Ну, ясно уж, все, кто может ходить, собрались. Известие о новой неожиданной опасности само согнало их к койке Василия. Как-то говорили, что я здесь вроде пчелиной матки в улье. Нет, матка - это он. К нему все тянутся в трудную минуту. В его спокойствии ищут собственного успокоения. Ему известны все опасности, а он вон само спокойствие. Нет, я не хочу быть хуже, чем он, я тоже чего-то стою.
- А зачем они будут травить нас газом? - говорю я громко, явно адресуясь не к Василию, а к «ним». Я вообще в последнее время научилась искусству говорить для «них». Слова, подслушанные в разговоре,- самые убедительные. Я это по себе знаю и потому продолжаю так же громко: - Зачем им травить нас газом? Мой отец охотник, он говорит: если волк сыт, он и на барана не бросится.
- То волк, Вера Николаевна, а вот хорь - тот из курятника не выйдет, пока всех кур не передушит,- говорит Дроздов, хмуря свои черные кустистые брови. - Тот горло курице перекусит и бросит, перекусит и бросит. Фашисты - хори.
- Они-то хори, а мы-то не куры, - говорит Василий. - Давайте всех мужчин, всех, кто на ногах стоит, сюда. Совет держать будем...
Теперь они держат совет там, в дальней палате. А я вдруг очутилась без дела. Сижу у себя в «зашкафнике», слушаю доносящиеся издали голоса, звучит бас Василия: бу-бу-бу... Василий, он - как ты, Семен: кажется, все-то он знает, на все у него ответ. Хорошо, когда рядом такой человек...
9
Там, вдали, вокруг Сухохлебова, еще шумели, а я, к стыду своему, задремала и потом незаметно уснула, да так, как давно уже не спала. И снилось - - ты, Семен, здесь, с нами, веселый, насмешливый, обычный. Ходишь тут между коек, люди вокруг тебя.

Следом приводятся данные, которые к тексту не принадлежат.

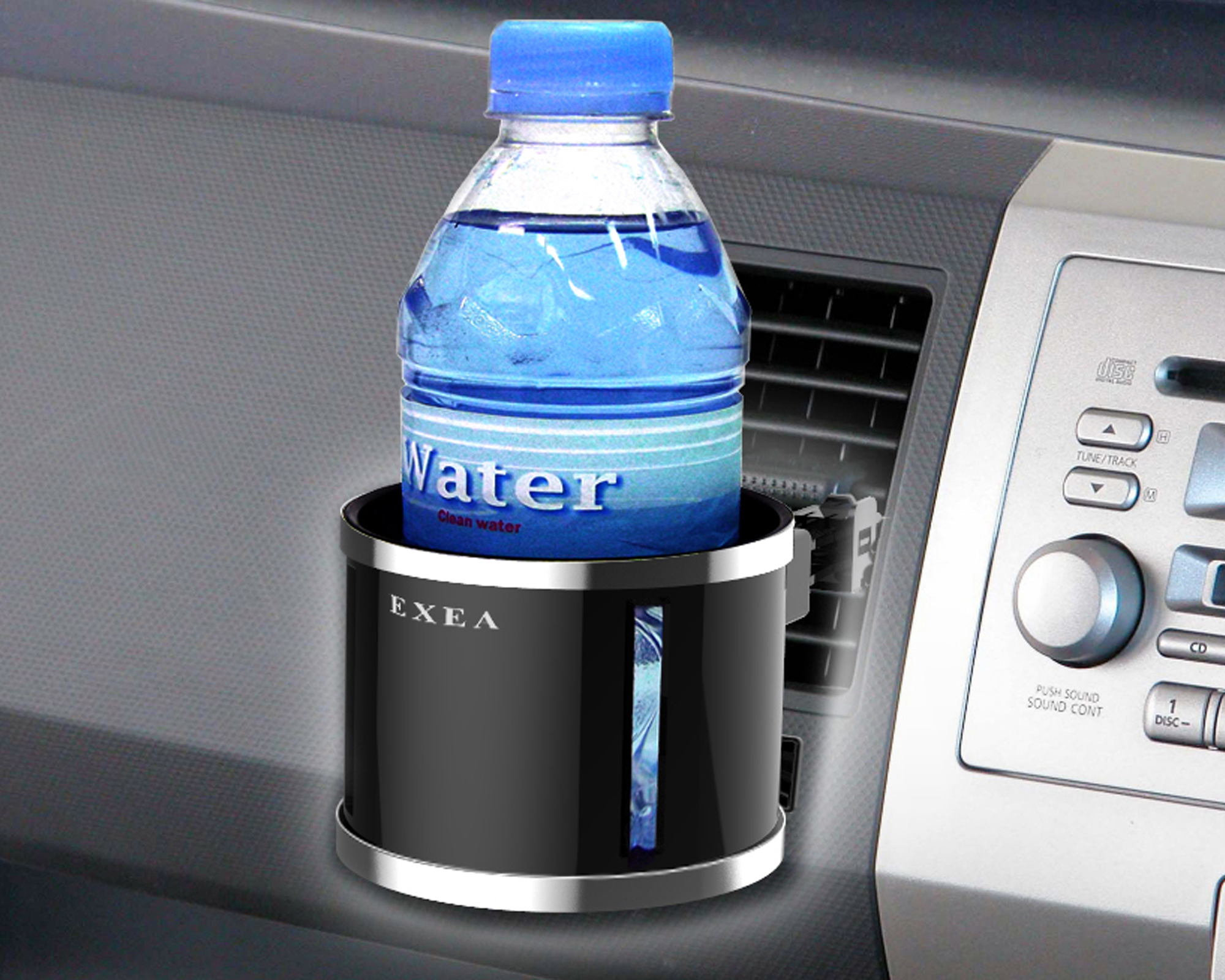| エアコンルーバー取付けの保温・保冷のできるドリンクホルダー シンプルなフォルムとメタリックリングが高級感を演出 3種類の樹脂クリップで幅広い取付けに対応 |

Ты обо всех думаешь, все тебя слушаются, улыбаются в ответ. Только это уже не тут, в наших подвалах, а где-то там, наверху, в хирургическом корпусе, который сейчас лежит в развалинах. Бело, голубые стены, кафель, никель. И дети почему-то с нами. И мне хорошо, хорошо.
Проснулась оттого, что кто-то негромко позвал:
- Вера.
Открыла глаза – темно, тихо. Обычные наши ночные звуки. И вода из рукомойника - кап-кап. Померещилось, что ли? И снова вдруг:
- Вера.
Это голос Сухохлебова. Он где-то тут, около наших шкафов. Вскочила, - оказывается, спала прямо в халате и даже шапочке, только ботинки кто-то с меня снял, и они стояли у стола.
- Вера, вы слышите?
И тут я действительно услышала негромкий, глухой рокот, - как будто где-то, очень еще далеко, грохотала гроза, будто гром ходил, перекатываясь по горизонту, раскат за раскатом, как это бывает в грозовые июльские ночи. Гроза зимой?
Я выбежала из «зашкафника». Василий стоял у самой двери в больничном халате из синей вытертой байки и, вытянув шею, прислушивался. Я остолбенела: слезы бежали по его лицу, путались в серой растительности. Заметив, вернее, услышав меня, он, не отрывая от двери уха, протянул ко мне руки, потом обнял меня за плечи, встряхнул.
- Вера! Это же наши... Артиллерийская подготовка. Начали точно в пять ноль-ноль.
Руки его так и оставались у меня на плечах. Мы стояли, слушали. Где-то далеко, но густо и дружно били пушки. Теперь, когда я прислушалась, в сплошном гуле можно уже различить голоса разных калибров.
- Началось, Вера. Началось! Понимаешь ты это? Началось! - говорил Сухохлебов, не замечая, что называл меня на «ты». - Дождались... Идут! Идут, родные!